In the area of pharmacometrics, the company offers the Phoenix platform, which includes WinNonlin for pharmacokinetic/pharmacodynamic (PK/PD) and non-compartmental analysis; NLME for population PK modelling; Connect for data import/export and reporting; the IVIVC toolkit; and the Phoenix Knowledgebase Server, a 21CFR-compliant database and repository. ‘Phoenix is used by 1,200 biopharmaceutical companies, 250 academic institutions, and major regulatory agencies,’ Leinfuss adds.
Small molecules and biologics
In the rapidly growing discipline of physiologically-based pharmacokinetics (PBPK), Certara’s Simcyp simulator for both small molecules and biologics is supported by a unique consortium, which the firm claims includes the majority of leading pharmaceutical companies, key academic institutions and regulatory bodies. Through its XenologiQ purchase, Certara now also provides quantitative systems pharmacology technology, which is used for lead optimisation.
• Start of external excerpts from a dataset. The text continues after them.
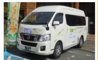
くっしー号の車両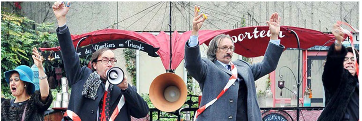
Inauguration du Vélobar au Triangle Septembre 2012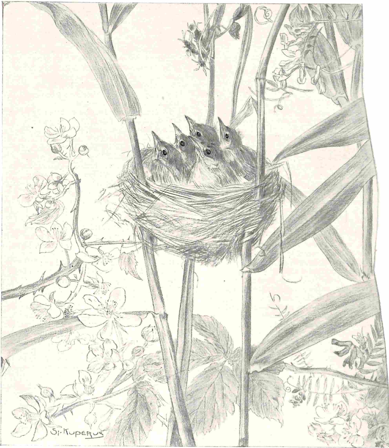
VAN NESTEN EN EIERN. NEST MET JONGEN VAN DEN BOSCHRIETZANGER. Naar de teekening van Sj. Kuperus.

The firm’s portfolio also includes the Sybyl and Muse Invent software for molecular modelling, and its informatics platform, D360, which facilitates scientific data access, analysis and collaboration across and between departments and researchers within an organisation, and development partners.
‘We have transformed a set of complementary, yet fragmented technologies and expertise offered by disparate companies, into an integrated, consolidated and synergistic set of modelling and simulation disciplines. This can model biological processes to facilitate decision making at every stage of drug discovery and development,
from target validation, drug discovery and lead optimisation, to preclinical and clinical development,’ Muniz concludes.